### Records for this exercise

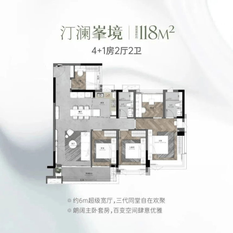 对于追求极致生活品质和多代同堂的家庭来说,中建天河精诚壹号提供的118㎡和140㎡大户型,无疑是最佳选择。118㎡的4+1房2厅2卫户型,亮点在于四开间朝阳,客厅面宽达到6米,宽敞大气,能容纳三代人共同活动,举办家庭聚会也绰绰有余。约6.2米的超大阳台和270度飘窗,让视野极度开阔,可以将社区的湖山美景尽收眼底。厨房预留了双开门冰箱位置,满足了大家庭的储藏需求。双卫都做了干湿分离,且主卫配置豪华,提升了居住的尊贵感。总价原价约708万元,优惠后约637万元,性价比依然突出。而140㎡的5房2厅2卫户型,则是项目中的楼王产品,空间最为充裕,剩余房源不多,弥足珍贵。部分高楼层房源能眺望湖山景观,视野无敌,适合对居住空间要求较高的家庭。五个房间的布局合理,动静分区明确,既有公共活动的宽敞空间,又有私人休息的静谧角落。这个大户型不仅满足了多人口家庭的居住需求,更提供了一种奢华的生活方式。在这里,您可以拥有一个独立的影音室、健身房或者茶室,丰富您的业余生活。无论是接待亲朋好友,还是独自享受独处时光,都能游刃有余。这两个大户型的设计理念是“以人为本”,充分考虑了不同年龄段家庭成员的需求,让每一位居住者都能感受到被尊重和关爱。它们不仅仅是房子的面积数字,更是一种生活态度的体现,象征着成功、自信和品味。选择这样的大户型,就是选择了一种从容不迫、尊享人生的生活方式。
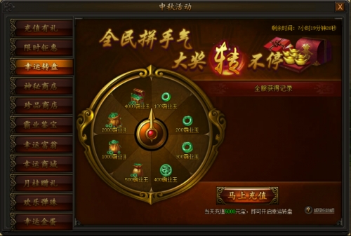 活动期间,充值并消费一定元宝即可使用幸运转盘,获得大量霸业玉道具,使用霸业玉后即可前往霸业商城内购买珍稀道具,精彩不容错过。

######
### Records for this exercise

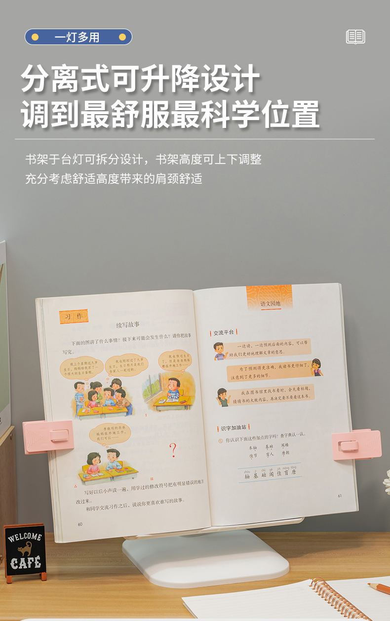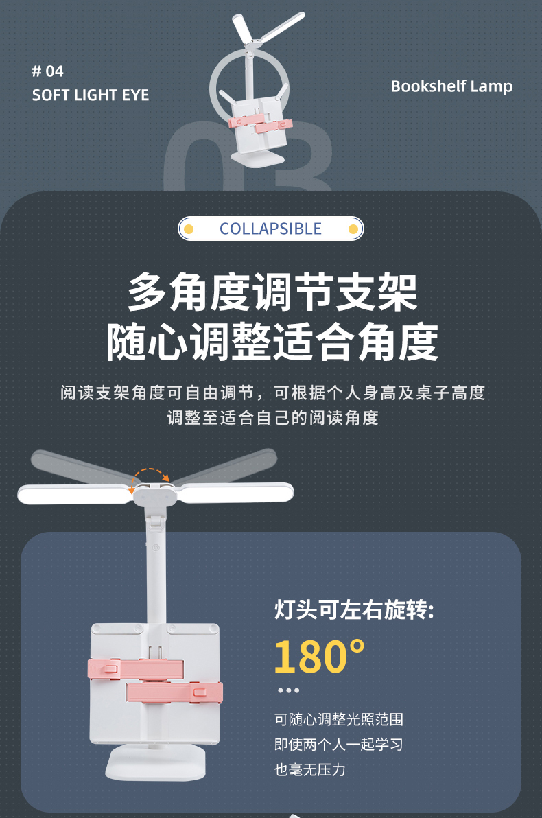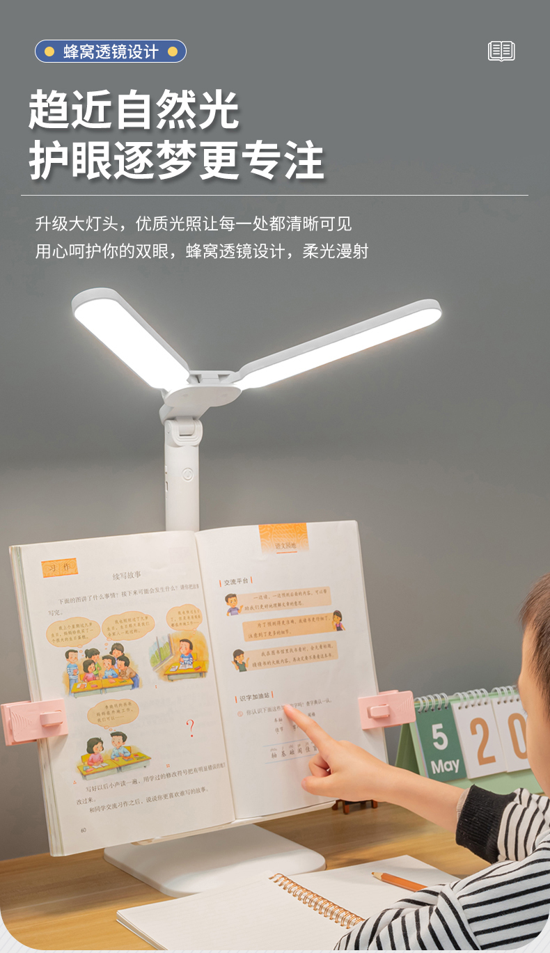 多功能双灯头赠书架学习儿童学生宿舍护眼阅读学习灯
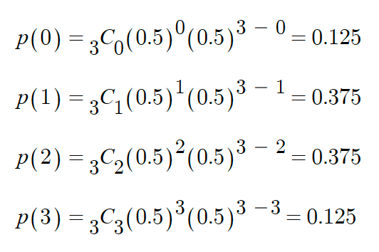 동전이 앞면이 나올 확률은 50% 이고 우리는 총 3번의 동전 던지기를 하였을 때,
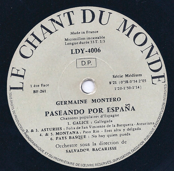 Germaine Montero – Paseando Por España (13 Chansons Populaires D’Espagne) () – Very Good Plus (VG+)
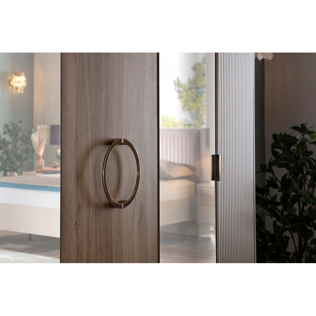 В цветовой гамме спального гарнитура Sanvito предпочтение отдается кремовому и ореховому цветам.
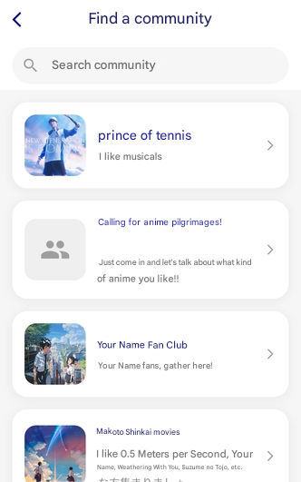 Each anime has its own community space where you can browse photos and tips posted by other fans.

######
### Records for this exercise

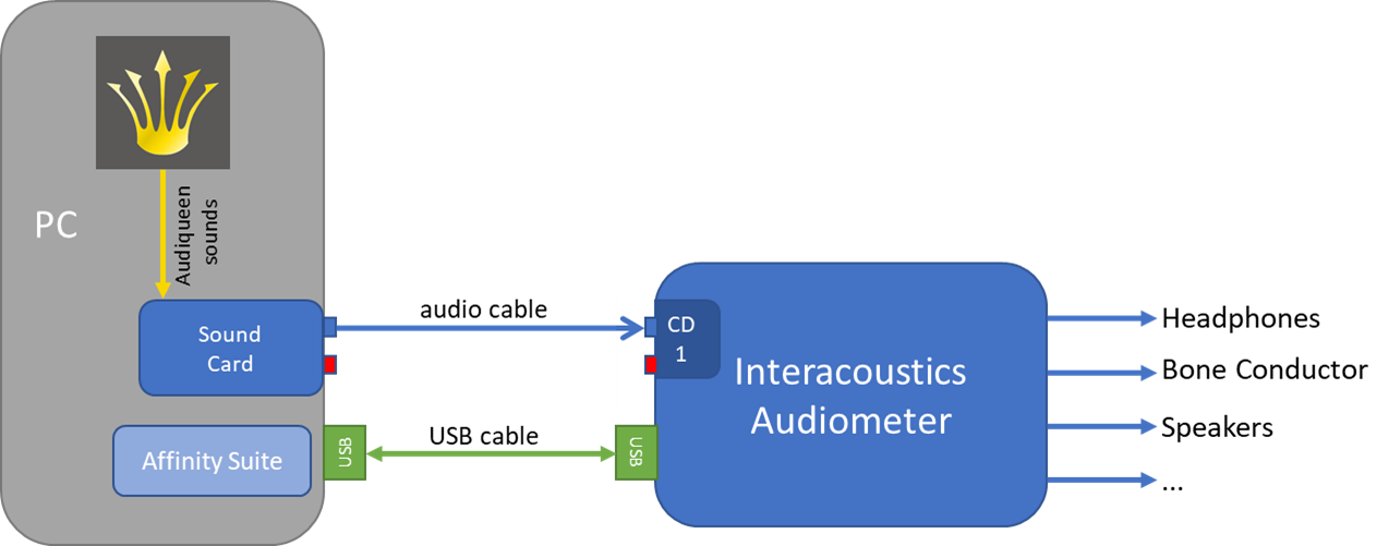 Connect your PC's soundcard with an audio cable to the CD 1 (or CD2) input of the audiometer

######

Problem details: Out of the records above, return only the lines from the one with "Germaine Montero –" through the one with "Each anime has", exactly, and none of the pictures.

Answer space:
 Germaine Montero – Paseando Por España (13 Chansons Populaires D’Espagne) () – Very Good Plus (VG+)
 В цветовой гамме спального гарнитура Sanvito предпочтение отдается кремовому и ореховому цветам.
 Each anime has its own community space where you can browse photos and tips posted by other fans.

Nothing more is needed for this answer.